§ Problem to work on: Using the data below, return word for word every line from the one holding "આરએસએસના વડા મોહન" down to the one holding "INEWSFAJTA.COM | Oku". Leave pictures out.

§ Data provided:
※ ※ ※

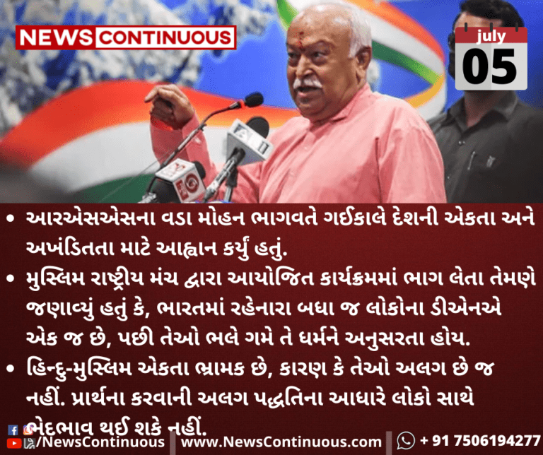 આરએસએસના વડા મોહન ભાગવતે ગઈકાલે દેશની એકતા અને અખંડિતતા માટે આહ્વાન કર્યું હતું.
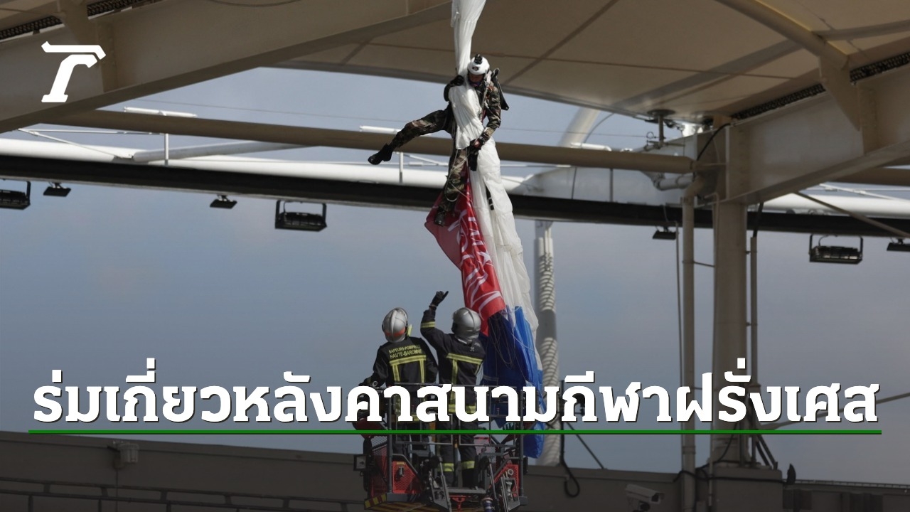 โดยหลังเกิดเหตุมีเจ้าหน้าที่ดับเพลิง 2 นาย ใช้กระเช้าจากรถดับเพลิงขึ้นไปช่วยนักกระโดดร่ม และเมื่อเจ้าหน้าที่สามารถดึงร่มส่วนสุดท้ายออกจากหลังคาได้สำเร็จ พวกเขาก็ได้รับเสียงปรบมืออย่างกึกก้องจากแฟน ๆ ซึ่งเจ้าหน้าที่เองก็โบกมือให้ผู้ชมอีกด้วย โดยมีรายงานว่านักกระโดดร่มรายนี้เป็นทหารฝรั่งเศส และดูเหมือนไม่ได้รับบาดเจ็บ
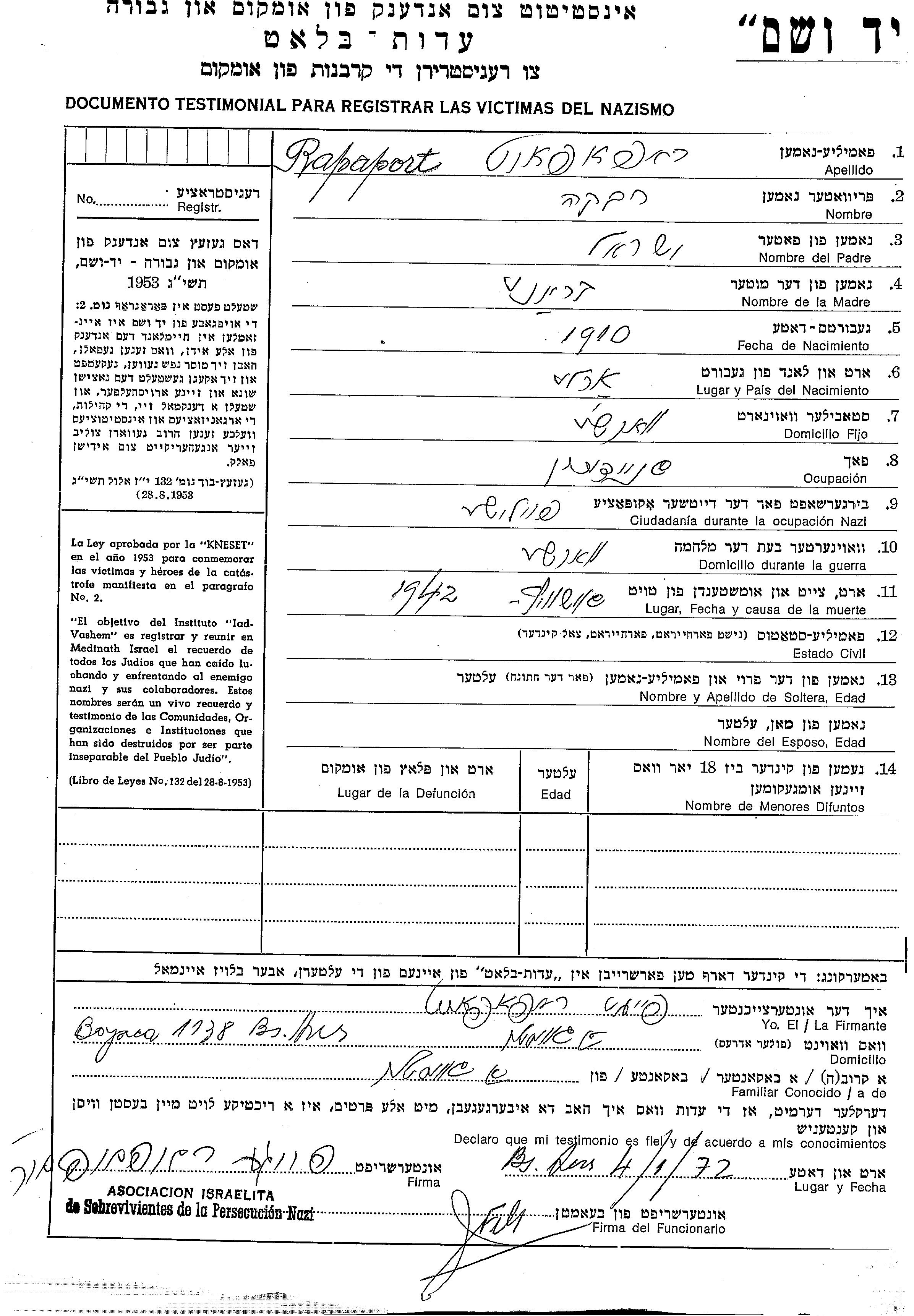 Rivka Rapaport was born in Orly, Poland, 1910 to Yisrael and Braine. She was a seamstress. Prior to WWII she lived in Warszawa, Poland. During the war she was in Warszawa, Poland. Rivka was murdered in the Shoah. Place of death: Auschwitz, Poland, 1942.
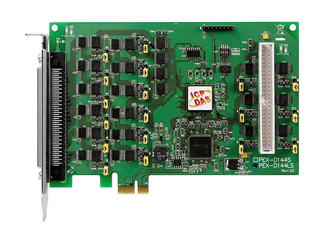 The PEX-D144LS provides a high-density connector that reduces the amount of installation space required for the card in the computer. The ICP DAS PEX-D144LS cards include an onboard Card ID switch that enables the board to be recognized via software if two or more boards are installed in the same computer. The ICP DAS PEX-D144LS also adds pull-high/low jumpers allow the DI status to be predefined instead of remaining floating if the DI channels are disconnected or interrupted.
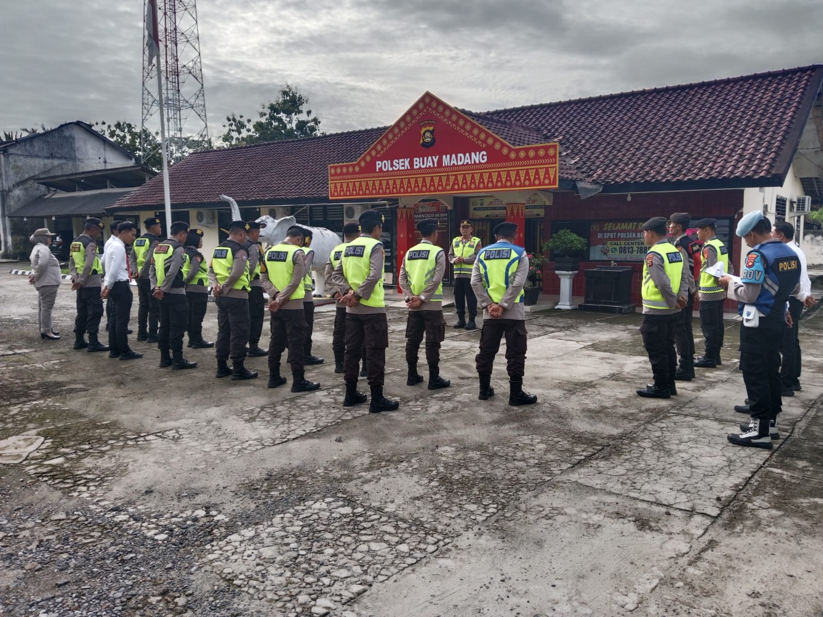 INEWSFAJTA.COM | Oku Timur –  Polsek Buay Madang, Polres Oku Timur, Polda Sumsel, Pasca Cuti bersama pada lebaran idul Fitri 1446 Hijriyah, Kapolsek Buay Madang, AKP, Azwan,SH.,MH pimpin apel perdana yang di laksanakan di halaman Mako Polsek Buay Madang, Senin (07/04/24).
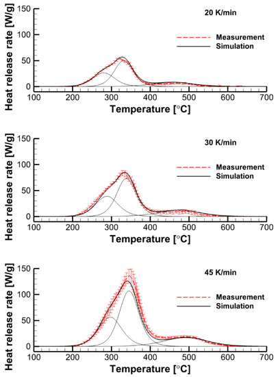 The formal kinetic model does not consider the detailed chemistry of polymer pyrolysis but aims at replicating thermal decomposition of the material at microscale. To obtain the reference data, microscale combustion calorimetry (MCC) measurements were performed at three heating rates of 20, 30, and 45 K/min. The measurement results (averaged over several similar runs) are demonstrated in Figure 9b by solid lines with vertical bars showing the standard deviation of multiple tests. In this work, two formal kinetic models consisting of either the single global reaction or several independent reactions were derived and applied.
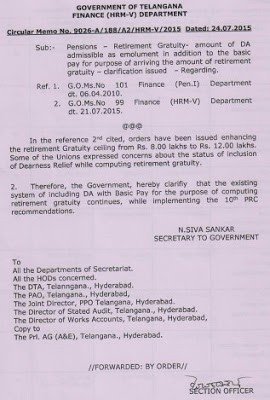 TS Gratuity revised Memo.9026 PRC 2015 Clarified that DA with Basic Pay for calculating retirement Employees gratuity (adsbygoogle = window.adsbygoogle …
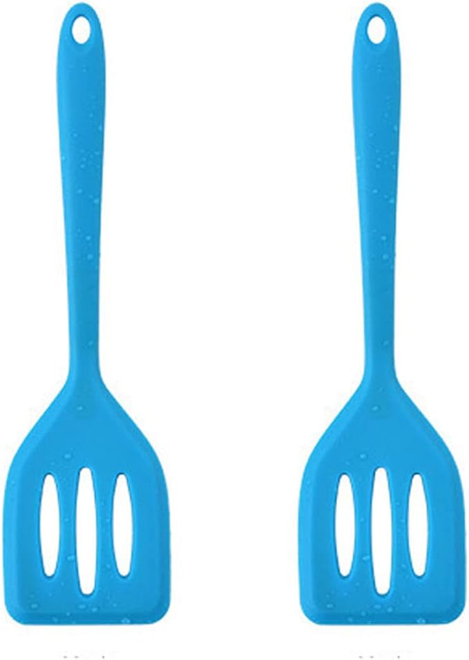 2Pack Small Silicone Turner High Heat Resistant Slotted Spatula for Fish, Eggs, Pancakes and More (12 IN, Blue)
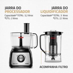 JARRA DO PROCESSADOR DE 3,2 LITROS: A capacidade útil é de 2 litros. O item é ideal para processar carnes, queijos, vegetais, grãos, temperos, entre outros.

※ ※ ※

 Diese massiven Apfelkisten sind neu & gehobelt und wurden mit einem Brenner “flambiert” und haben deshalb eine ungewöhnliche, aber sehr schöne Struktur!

※ ※ ※

§ Expected answer:
 આરએસએસના વડા મોહન ભાગવતે ગઈકાલે દેશની એકતા અને અખંડિતતા માટે આહ્વાન કર્યું હતું.
 โดยหลังเกิดเหตุมีเจ้าหน้าที่ดับเพลิง 2 นาย ใช้กระเช้าจากรถดับเพลิงขึ้นไปช่วยนักกระโดดร่ม และเมื่อเจ้าหน้าที่สามารถดึงร่มส่วนสุดท้ายออกจากหลังคาได้สำเร็จ พวกเขาก็ได้รับเสียงปรบมืออย่างกึกก้องจากแฟน ๆ ซึ่งเจ้าหน้าที่เองก็โบกมือให้ผู้ชมอีกด้วย โดยมีรายงานว่านักกระโดดร่มรายนี้เป็นทหารฝรั่งเศส และดูเหมือนไม่ได้รับบาดเจ็บ
 Rivka Rapaport was born in Orly, Poland, 1910 to Yisrael and Braine. She was a seamstress. Prior to WWII she lived in Warszawa, Poland. During the war she was in Warszawa, Poland. Rivka was murdered in the Shoah. Place of death: Auschwitz, Poland, 1942.
 The PEX-D144LS provides a high-density connector that reduces the amount of installation space required for the card in the computer. The ICP DAS PEX-D144LS cards include an onboard Card ID switch that enables the board to be recognized via software if two or more boards are installed in the same computer. The ICP DAS PEX-D144LS also adds pull-high/low jumpers allow the DI status to be predefined instead of remaining floating if the DI channels are disconnected or interrupted.
 INEWSFAJTA.COM | Oku Timur –  Polsek Buay Madang, Polres Oku Timur, Polda Sumsel, Pasca Cuti bersama pada lebaran idul Fitri 1446 Hijriyah, Kapolsek Buay Madang, AKP, Azwan,SH.,MH pimpin apel perdana yang di laksanakan di halaman Mako Polsek Buay Madang, Senin (07/04/24).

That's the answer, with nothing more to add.